Blocks in general are pretty nice – you can make a generic function or method that takes a block as a parameter. You can use this form in your generic function and just pass the block parameter to it. This makes it easy to write flexible programming interfaces.
There’s also a related, longer form of this call where you can pass some flags. There’s NSEnumerationReverse
, which spins through the array backwards without messing around with reverseObjectEnumerator
. And then there’s the thing that just about caused me to snoopy-dance when I saw it at WWDC when blocks were first unveiled : NSEnumerationConcurrent
. Just add that flag, and suddenly your loop is spread across a bunch of cores:
[array enumerateObjectsWithOptions: NSEnumerationConcurrent
usingBlock: ^(NSNumber *number,
NSUInteger index,
BOOL *stop) {
// work
// Don't forget you're in concurrent programming <strike>hell</strike> world now.
}];
The UseBlockParallel()
function in the iteration.m
sample program just increments a counter, paying no attention to thread safety. Therefore it never calculates the right answer because the counter math needs some kind of locking around it.
Aside from fast enumeration, the block call is faster than the other forms, taking 1.46 seconds for those 50 million objects. The parallel form is a skootch faster at 1.13 seconds with no real work being done in the loop. Depending on your actual data and the work involved, you could see some decent speedups as more cores are used.
Here are the timings again in one place. They were calculated by averaging three runs over an array of 50 million unique NSNumbers
in an NSArray
– kick off a single run of the program that exercises the different iteration forms three times. Sit back and let it finish.

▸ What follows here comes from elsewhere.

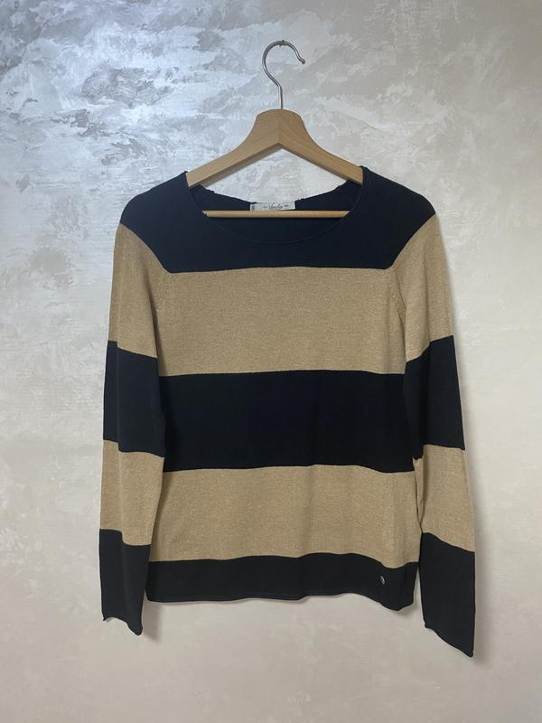 Джемпер жіночий німецького преміум бренду Vanilia, розмір 38 ( M) . Склад: 62 % сotton, 35 % viscose, 3 % kashmir. Довжина 62 см, напів обхват грудей 46 см, рукав реглан від горловини - 73 см.

obj at index hoisted nsenumerator fast enum block block concurrent
1.8648 1.6804 1.7604 0.2750 1.4629 1.1270
This is just looping overhead. For 50 million objects, that’s not a whole lot of time per object spent in the machinery. In general, fast enumeration is the winner in both performance and readability, and is the first tool I reach for.
The block syntax is flexible, letting you create generic APIs, plus makes it easy to do quickie parallelism. Just be very very careful before you include that NSEnumerationConcurrent flag, because you now have to care about threading issues.